Voters face important decisions

Marshall school district voters have a couple important decisions to make Tuesday, including the election of three board members, one of which is guaranteed to be a newcomer.

But equally if not more importantly, voters will decide the fate of an additional tax levy that will provide the district about $1.8 million in funding each year for the next 10 years.

This levy was previously in place but expired in 2018. At that time, school officials were trying to pass a previously-defeated but needed building-levy and decided to let the smaller per-pupil levy expire in hopes of making the more expensive one more palpable. After the building levy passed, enrollment surged 18 percent from just a few years prior, and then COVID hit. Enrollment dropped a little, but the revenue decrease was offset by COVID funding.

Now, that COVID funding is gone and at the worst possible time, as inflation is skyrocketing, driving up expenses. Remember, these aren’t problems unique to Marshall. Every school in Minnesota is dealing with these exact issues, and in an ideal world, would be able to find relief at the state level, where more than 75 percent of school’s funding comes.

Unfortunately, where we should expect leadership and solutions, we find failure and uncertainty. Even when inflation was at manageable levels, our lawmakers failed to pass funding bills that kept pace with those higher costs. And now, with inflation spiking at 3 times the rate of previous years, that shortfall is more pronounced.

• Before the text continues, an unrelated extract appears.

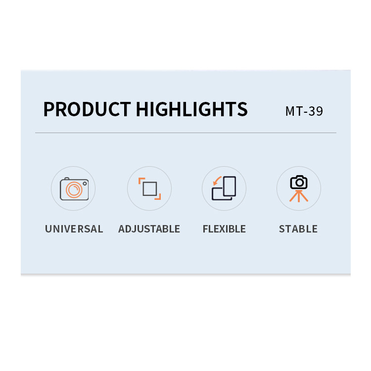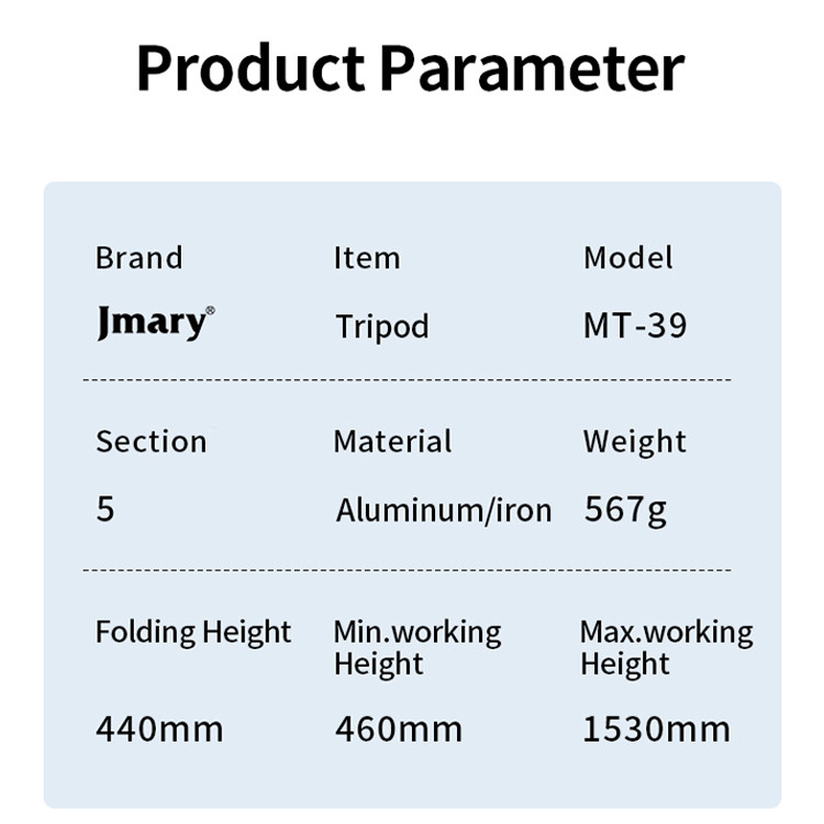 سه‌پایه‌‌ی جی ماری مدل «MT-39» وسیله‌ای جانبی مناسب، برای عکاسان تازه‌کار و باتجربه محسوب می‌شود. به‌جرئت می‌توان گفت استفاده از سه‌‌پایه یکی از ضروری‌ترین کارهای یک عکاس است. این مدل برای عکاسی با انواع دوربین‌های مختلف،گوشی،پروژکتور،میکروفن بسیار مناسب است. محور میانی سه‌پایه مخصوص عکاسی دارای گیره جهت نگهداری دستگاه های قابل استفاده شماست که به شرطی که توان پیچ شدن به پایه را داشته باشند در غیر این صورت شرکت جی ماری یک نگهدارنده گوشی موبایل به این سه پایه اضافه کرده است که در دو حالت افقی و عمودی قابل استفاده است و قابلیت تغییر سایز از 3.5 تا 6/8 اینچ را دارد.سری این سه پایه قابلیت چرخش 180 درجه دارد به طوری که شما می توانید در صورت نیاز در محور زاویه 180 درجه حالت صفحه نمایش را تغییر دهید. گردنی سه پایه جی ماری قابلیت تغییر ارتفاع دارد. پایه جی ماری در حالت معمولی 55.5 سانتی متر و در حالت باز تا 162 سانتی متر می باشد.

But the biggest elephant in the room for our local school leaders, the political pariah they can’t discuss publicly but privately terrifies them, is the uncertainty surrounding our state leadership. When the Republican candidate for governor infamously labels public schools “black holes” for funding, while advocating for siphoning state dollars to private and charter schools, school officials have every reason to fear the revenue challenges are only going to get worse before they get better. So to make up for our state’s failures regarding that 75 percent of our school’s revenue, the Marshall school district is turning again to the people who provide the smallest part of the total funding, the local tax payer, to shoulder more of a burden.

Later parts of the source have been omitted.